In locally advanced breast cancers, the benefit of chemotherapy, surgery, and radiation therapy in improving survival and decreasing recurrence rate are well established.19 Unfortunately, in our cohort nearly ¼ of the patients were noncompliant. It is well known that AA women do not receive adequate chemotherapy dosing because of underlying neutropenia and morbid obesity.20 Approximately a fourth of our patients refused adjuvant/neoadjuvant chemotherapy and chest wall radiation therapy. A higher number of AA subjects refused adjuvant radiation therapy. The reasons for refusal of chemotherapy and lack of radiotherapy need further investigation. We did not find any correlation with age of diagnosis, marital status, and religious background. In a subanalysis by year, we did find that chemotherapy refusal decreased over time, but we did not observe improvements in radiation therapy refusals. Many other factors may be involved in the refusal of standard of care modalities, including socioeconomics, demographics, cultural beliefs, healthcare access, comorbid conditions, and patient choice.

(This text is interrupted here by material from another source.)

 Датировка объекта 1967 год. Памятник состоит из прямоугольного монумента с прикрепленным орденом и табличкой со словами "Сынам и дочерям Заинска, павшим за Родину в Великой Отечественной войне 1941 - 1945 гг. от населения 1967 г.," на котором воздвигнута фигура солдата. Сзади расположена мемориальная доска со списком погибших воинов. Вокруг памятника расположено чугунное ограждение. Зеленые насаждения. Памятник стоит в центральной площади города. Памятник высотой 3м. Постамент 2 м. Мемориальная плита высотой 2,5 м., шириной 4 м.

At our institution, to overcome this high refusal rate, we have implemented a community outreach and internal navigational program to assure adherence to standard multimodalities therapy.21 The major role of these combined programs is to dispel fears of treatment and encourage compliance. In a recent audit of the National Quality Forum breast cancer indicators at our institution, we found that patients receiving multimodal therapy (surgery, chemotherapy/hormonal, and radiation treatment) are at risk for not completing all treatments regardless of stage. A recently funded grant is addressing intensive patient navigation for this group of women, ensuring that completion of all modalities occurs. Since January 2007, we have a dedicated nurse practitioner and social worker who carefully follow all patients during chemotherapy and ensure appropriate follow-up with surgical or radiation oncology after completion of medical oncology treatment. We strongly believe that these prospectively implemented interventions based on this and other studies at our center can significantly improve outcome in these advanced breast cancers patients.

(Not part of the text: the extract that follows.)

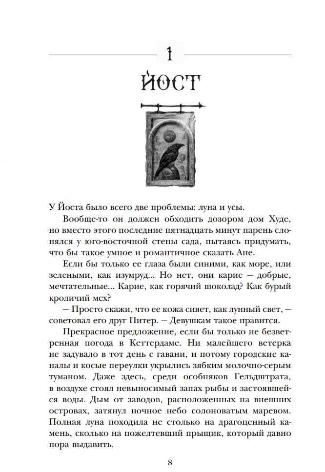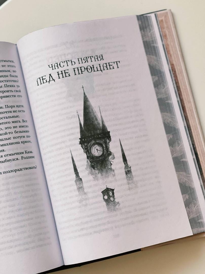Каз Бреккер никогда не снимает черных перчаток. Но, если не хочешь стать ужином для акул, не спрашивай его, почему. Никому не известно, где его семья, откуда он пришел и почему остался в Кеттердаме. Зато он знает обо всех и все. Бреккер — правая рука главаря одной из самых влиятельных банд в городе. Казино, бордели, нелегальная торговля — его стихия. А еще шантаж, грабеж и, если понадобится, хладнокровное убийство. Но все это мелочи по сравнению с новым заказом. На кону — баснословные деньги и… секрет, который может уничтожить одни народы и возвеличить другие. Какие именно — теперь зависит от Каза и его команды. Шестерых «воронов», которым нечего терять кроме надежды. Это дело объединит их. Лучшего стрелка банды Отбросов и новичка, который не умеет держать пистолет в руках. Соблазнительную чародейку, умеющую с помощью магии взрывать сердца, и безжалостного охотника на таких, как она.  Юную гимнастку из самого известного публичного дома во всей Керчии и Каза Бреккера, способного без тени сомнения вырвать глаз предателю.  Им предстоит один путь, но у каждого своя цель…

The strength of this study is its large number of relatively rare clinicopathologic entities, such as stage III cancers and triple negative cancers, in a single institution. The advantage of a single institution series is the systematic standardization of clinical and pathologic criteria assigned by individual surgeons and pathologists in the classification of locally advanced breast cancer or inflammatory breast cancer.
The major limitations of this study include the lack of long-term follow-up to evaluate overall long-term survival differences. As with many retrospective analyses using tumor registry data and charts instead of prospective data collection, it is possible that staging errors occurred, especially in inflammatory breast cancers.
This study suggests that in AA women there are distinct clinical behaviors associated with stage III breast cancers. The high rate of refusal for important lifesaving therapies that we identified needs further study after implementation of our planned initiatives, so all women are offered and will receive appropriate care based on stage of diagnosis.
Conflict of Interest Disclosures
This work is funded in part by the Avon Foundation (M.R., M.J.L.).